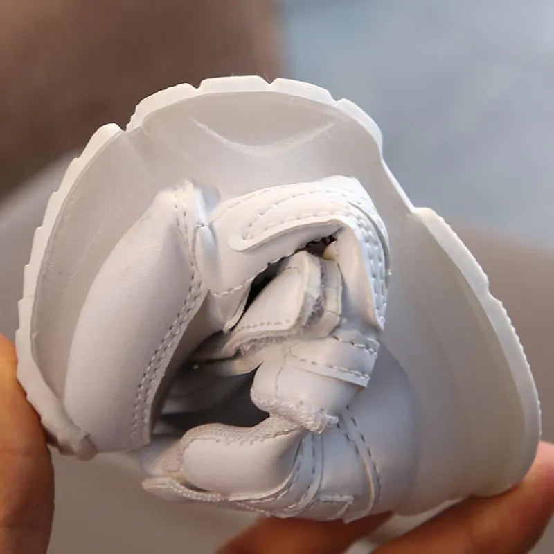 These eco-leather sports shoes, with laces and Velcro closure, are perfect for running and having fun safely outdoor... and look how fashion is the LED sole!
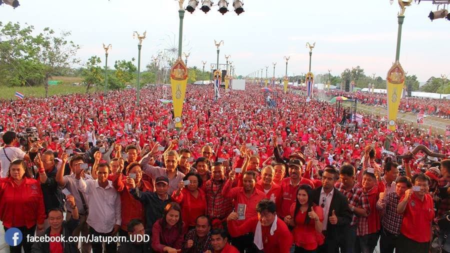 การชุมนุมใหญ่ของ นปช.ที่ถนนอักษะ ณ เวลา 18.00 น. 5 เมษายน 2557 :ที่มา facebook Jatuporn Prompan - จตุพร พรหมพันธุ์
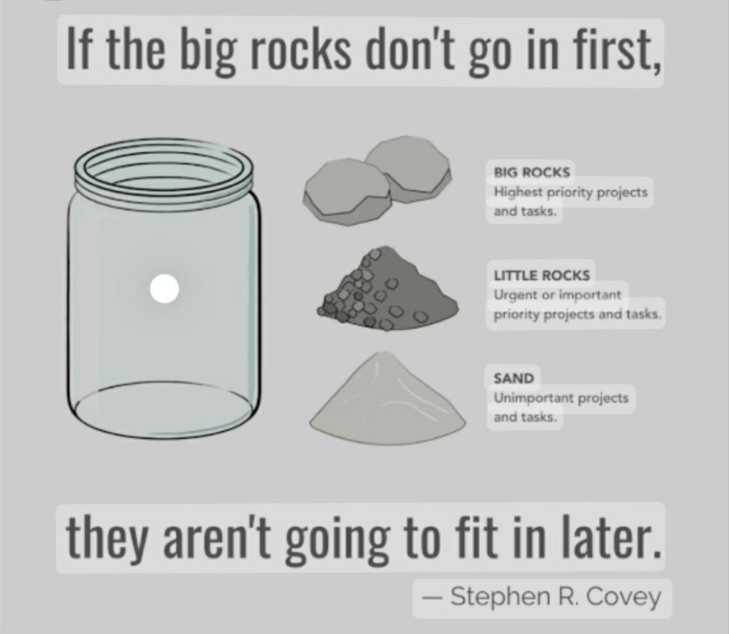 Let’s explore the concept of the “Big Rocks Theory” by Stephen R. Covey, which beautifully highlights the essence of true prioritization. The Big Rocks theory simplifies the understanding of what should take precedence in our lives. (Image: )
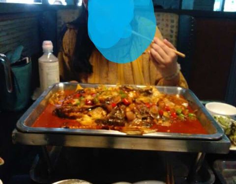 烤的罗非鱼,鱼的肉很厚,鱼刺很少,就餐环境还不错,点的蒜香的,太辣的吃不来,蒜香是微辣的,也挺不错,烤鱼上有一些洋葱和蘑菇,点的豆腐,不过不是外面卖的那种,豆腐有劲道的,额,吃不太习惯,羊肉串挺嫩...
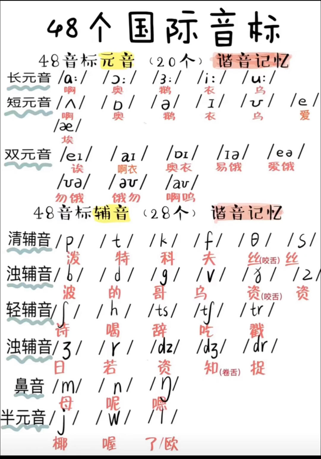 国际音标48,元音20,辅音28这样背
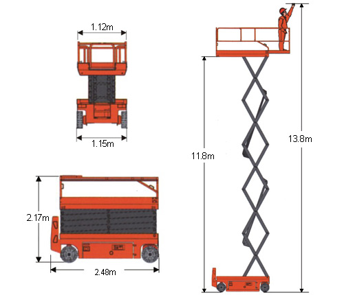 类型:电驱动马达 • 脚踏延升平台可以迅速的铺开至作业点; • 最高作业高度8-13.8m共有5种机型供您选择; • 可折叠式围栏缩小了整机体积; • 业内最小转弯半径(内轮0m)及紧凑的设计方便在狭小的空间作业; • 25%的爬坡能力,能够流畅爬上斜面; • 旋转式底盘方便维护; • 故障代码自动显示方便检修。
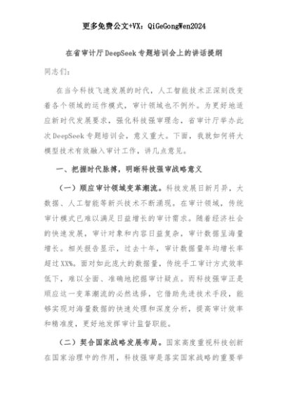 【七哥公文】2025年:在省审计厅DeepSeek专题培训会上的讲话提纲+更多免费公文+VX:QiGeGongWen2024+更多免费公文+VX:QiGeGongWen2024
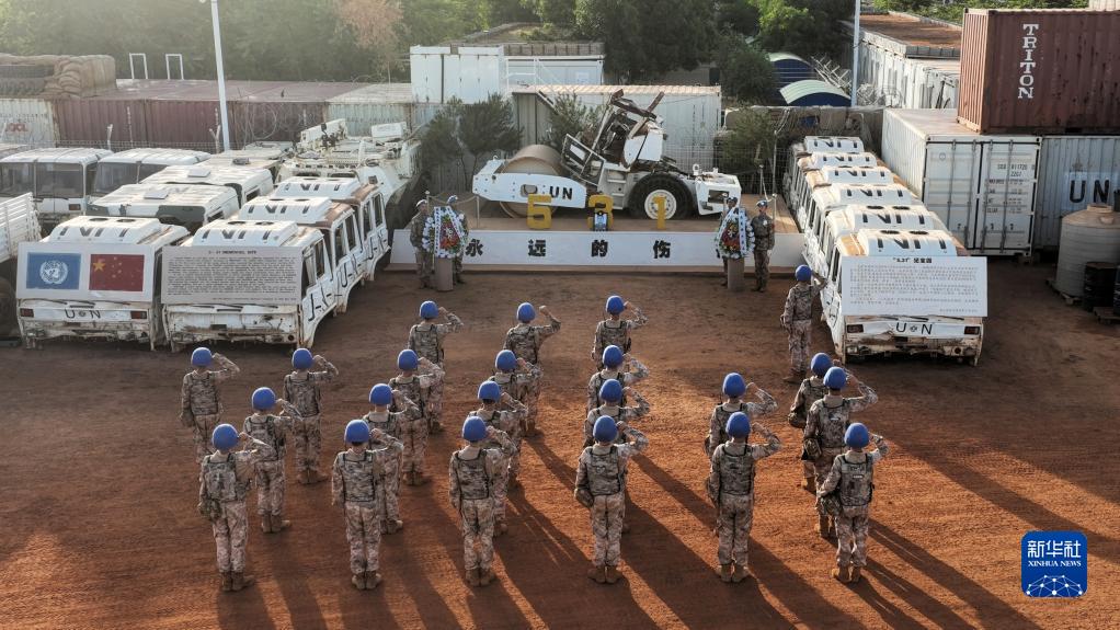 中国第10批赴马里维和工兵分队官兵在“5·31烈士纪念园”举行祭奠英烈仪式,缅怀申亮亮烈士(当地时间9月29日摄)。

---

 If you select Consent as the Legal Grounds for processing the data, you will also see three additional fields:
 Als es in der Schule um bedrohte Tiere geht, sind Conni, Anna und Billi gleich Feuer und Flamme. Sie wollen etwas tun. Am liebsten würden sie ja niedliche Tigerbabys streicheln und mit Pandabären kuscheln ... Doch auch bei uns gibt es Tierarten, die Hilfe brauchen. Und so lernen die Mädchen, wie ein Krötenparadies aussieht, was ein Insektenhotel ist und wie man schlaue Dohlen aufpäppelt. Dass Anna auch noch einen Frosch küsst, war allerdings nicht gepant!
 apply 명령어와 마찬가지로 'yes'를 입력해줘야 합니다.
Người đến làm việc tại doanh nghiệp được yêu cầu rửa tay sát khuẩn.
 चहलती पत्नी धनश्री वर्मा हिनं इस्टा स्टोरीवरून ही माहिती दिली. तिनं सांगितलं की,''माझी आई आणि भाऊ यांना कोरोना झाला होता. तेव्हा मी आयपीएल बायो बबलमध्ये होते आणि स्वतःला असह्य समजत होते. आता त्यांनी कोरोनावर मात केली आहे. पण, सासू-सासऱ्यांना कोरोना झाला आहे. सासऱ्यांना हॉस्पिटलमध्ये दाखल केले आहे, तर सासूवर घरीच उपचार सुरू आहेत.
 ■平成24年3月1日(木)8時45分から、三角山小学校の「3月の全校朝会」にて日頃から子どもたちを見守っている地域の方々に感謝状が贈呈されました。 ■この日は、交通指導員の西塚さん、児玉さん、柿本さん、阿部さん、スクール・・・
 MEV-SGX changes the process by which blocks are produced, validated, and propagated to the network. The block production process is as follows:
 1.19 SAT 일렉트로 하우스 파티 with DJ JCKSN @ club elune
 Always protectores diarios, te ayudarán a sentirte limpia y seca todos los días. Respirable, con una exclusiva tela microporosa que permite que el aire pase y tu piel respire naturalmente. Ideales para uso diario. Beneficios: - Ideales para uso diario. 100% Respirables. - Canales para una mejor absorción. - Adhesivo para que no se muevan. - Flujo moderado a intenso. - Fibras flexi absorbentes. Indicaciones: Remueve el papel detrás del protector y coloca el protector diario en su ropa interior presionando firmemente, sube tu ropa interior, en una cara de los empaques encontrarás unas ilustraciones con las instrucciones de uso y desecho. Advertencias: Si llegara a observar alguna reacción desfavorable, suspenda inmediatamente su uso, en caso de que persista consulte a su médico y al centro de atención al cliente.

### WHAT THE TASK ASKS
Using the records above, repeat exactly the run of lines that starts with the line with "Let’s explore the" and goes on through the line with "国际音标48,元音20,辅音28这样背"; omit each picture.

### SOLUTION FOR THIS PROBLEM
 Let’s explore the concept of the “Big Rocks Theory” by Stephen R. Covey, which beautifully highlights the essence of true prioritization. The Big Rocks theory simplifies the understanding of what should take precedence in our lives. (Image: )
 烤的罗非鱼,鱼的肉很厚,鱼刺很少,就餐环境还不错,点的蒜香的,太辣的吃不来,蒜香是微辣的,也挺不错,烤鱼上有一些洋葱和蘑菇,点的豆腐,不过不是外面卖的那种,豆腐有劲道的,额,吃不太习惯,羊肉串挺嫩...
 国际音标48,元音20,辅音28这样背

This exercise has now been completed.